"It is that Islam is basically oppressed by the West, disrespected and treated unfairly, that the military action we took post-9/11 was against countries because they are Muslim, and that in the Middle East we ignore the injustice done to Palestinians in our desire to support Israel because the Palestinians are Muslims and the Israelis predominantly Jews."
All the well-meaning European leaders who travel back and forth between Israel and the Palestinian territories in the hope of achieving peace and preventing others from taking that honour away from them (not necessarily in that order) subscribe to that mistaken narrative in one way or another.

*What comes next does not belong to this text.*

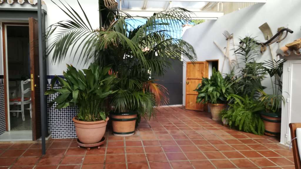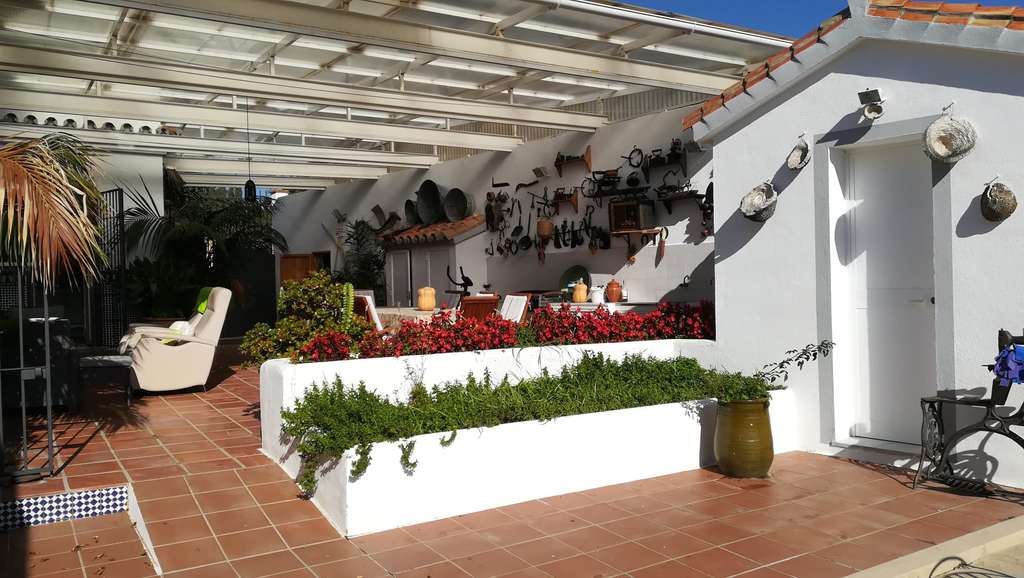 En la Parcela de unos 1.400 m2, consta de un garaje cubierto con capacidad para 2 o 3 vehículos. Consta de zona de barbacoa con pérgola, cocina, televisión y sofás y sillones, con ambiente chill-out. Tiene Jardín con césped y arboles frutales. Consta de trasteros, el cuarto de maquinarias, un aseo exterior con ducha.

Ashton, after all, begged the Israelis to receive her, though they were on holiday. The Israelis were happy to help and complied — and what did they get in return? An official reprimand, the day she arrived, about Israel's refusal to extend the moratorium on settlement construction, as if the destiny of the world (not to mention Lady Ashton's prestige) depended on it.
As if peace required only Israeli concessions — and unless those concessions were forthcoming the rage of the Muslim world was somehow justified. This is, after all, the gist of what Lady Ashton said in her first major foreign policy speech in Cairo last March, when she defined the resolution of the Arab-Israeli conflict as not only a "vital European interest" but also one that is "central to the solution of other problems in the region".
Here was the top European diplomat telling Arab dictators (she uttered her words at the headquarters of the Arab League) that all their failures combined could somehow be explained by the lack of Israeli-Palestinian peace, which in turn she blamed on Israel's occupation.
It is a sad testament to European history — one that once produced great scholarship and a deep understanding of the faraway regions of the world that Europe ruled for so long — that the Continent's elected (and unelected) leaders' knee-jerk instinct to apologise and feel guilty for the past leads them to endorse a narrative of grievance while disguising their petty ego-quarrels as the lofty business of state.